• _Work instructions_
Using the records that follow, reproduce exactly the lines starting at the line containing "6、 要查找文件保存位置,可" and ending at the line containing "An isolated storm". Include both end lines and no pictures.

──────── Information provided

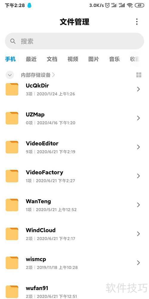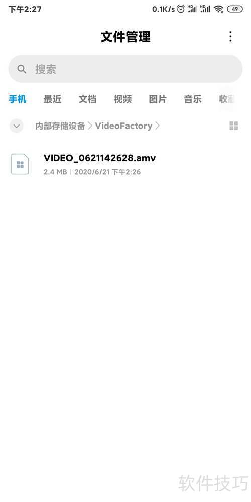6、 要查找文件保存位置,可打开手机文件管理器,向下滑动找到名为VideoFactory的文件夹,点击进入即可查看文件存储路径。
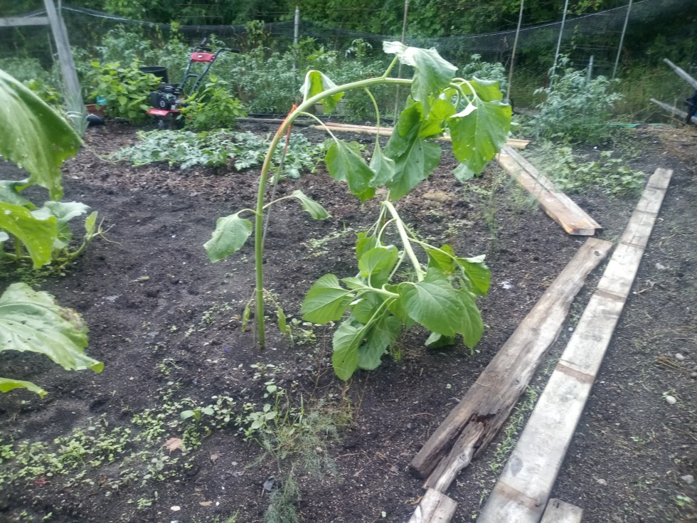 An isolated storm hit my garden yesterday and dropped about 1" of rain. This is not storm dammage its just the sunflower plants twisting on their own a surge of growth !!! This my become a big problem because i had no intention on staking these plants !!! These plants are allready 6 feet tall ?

────────────────
──────── Information provided

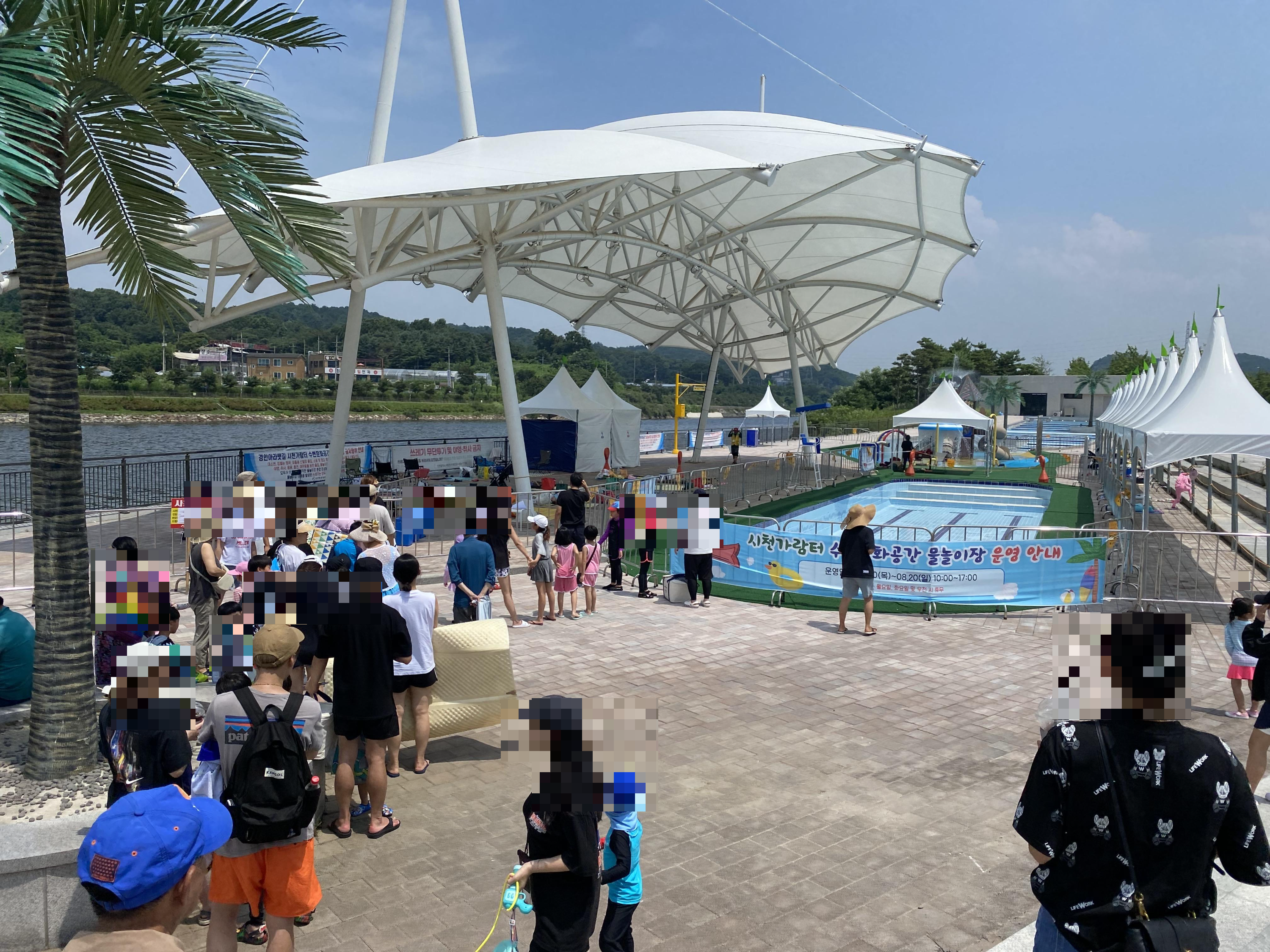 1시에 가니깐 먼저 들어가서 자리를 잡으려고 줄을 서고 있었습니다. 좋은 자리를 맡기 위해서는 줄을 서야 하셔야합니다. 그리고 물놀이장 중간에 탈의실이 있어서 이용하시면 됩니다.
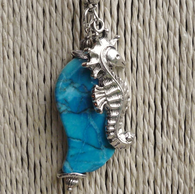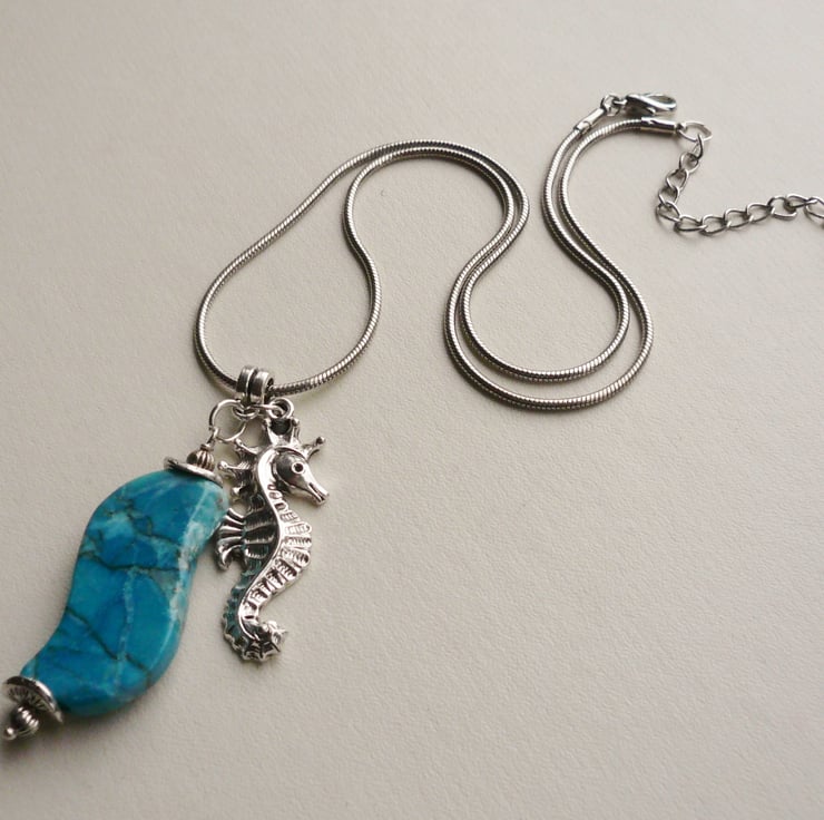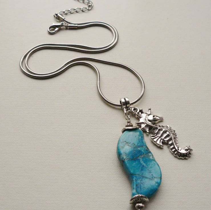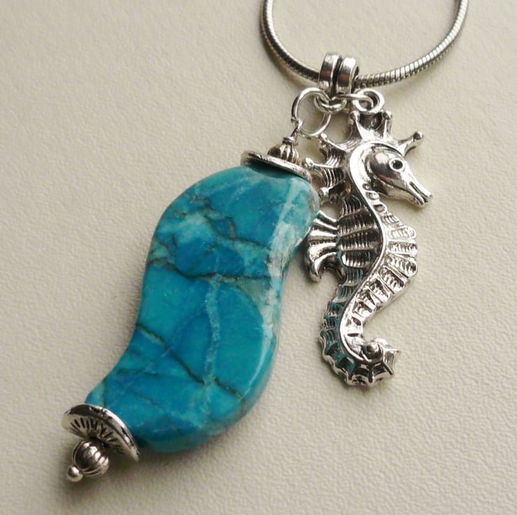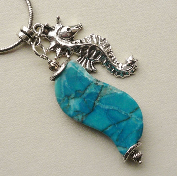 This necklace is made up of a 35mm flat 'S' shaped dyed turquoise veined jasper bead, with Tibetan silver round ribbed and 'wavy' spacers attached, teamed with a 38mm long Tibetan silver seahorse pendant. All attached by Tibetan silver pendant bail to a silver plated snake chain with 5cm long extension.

────────────────
──────── Information provided

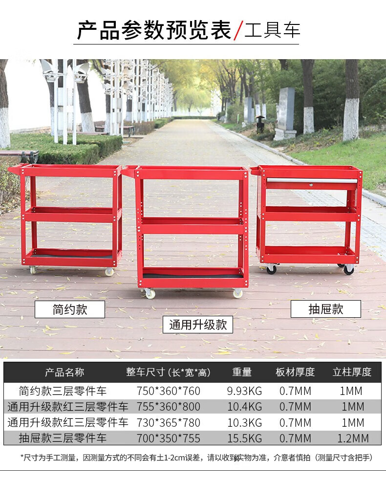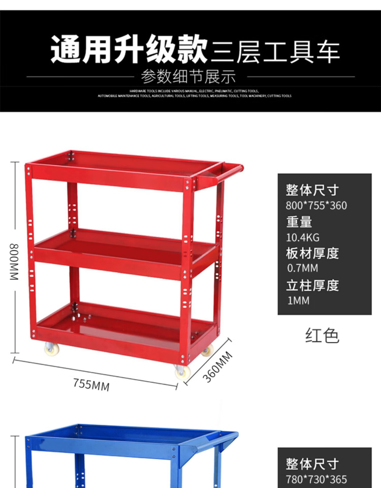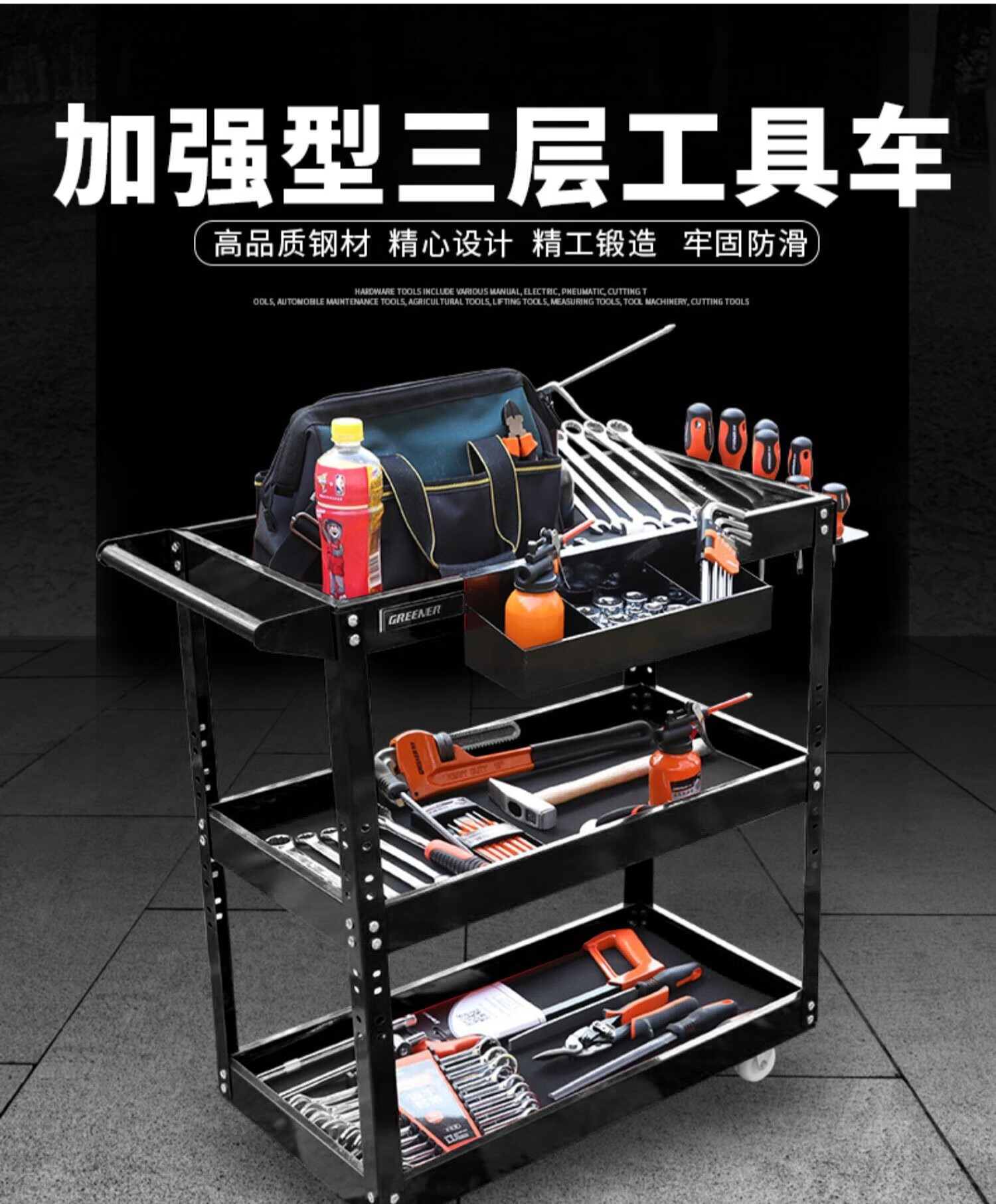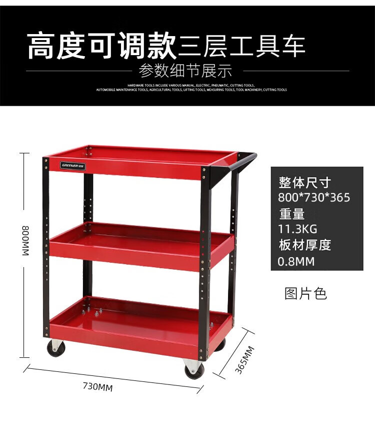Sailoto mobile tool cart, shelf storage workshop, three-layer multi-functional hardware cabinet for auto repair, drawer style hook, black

────────────────

• _Result_
6、 要查找文件保存位置,可打开手机文件管理器,向下滑动找到名为VideoFactory的文件夹,点击进入即可查看文件存储路径。
 An isolated storm hit my garden yesterday and dropped about 1" of rain. This is not storm dammage its just the sunflower plants twisting on their own a surge of growth !!! This my become a big problem because i had no intention on staking these plants !!! These plants are allready 6 feet tall ?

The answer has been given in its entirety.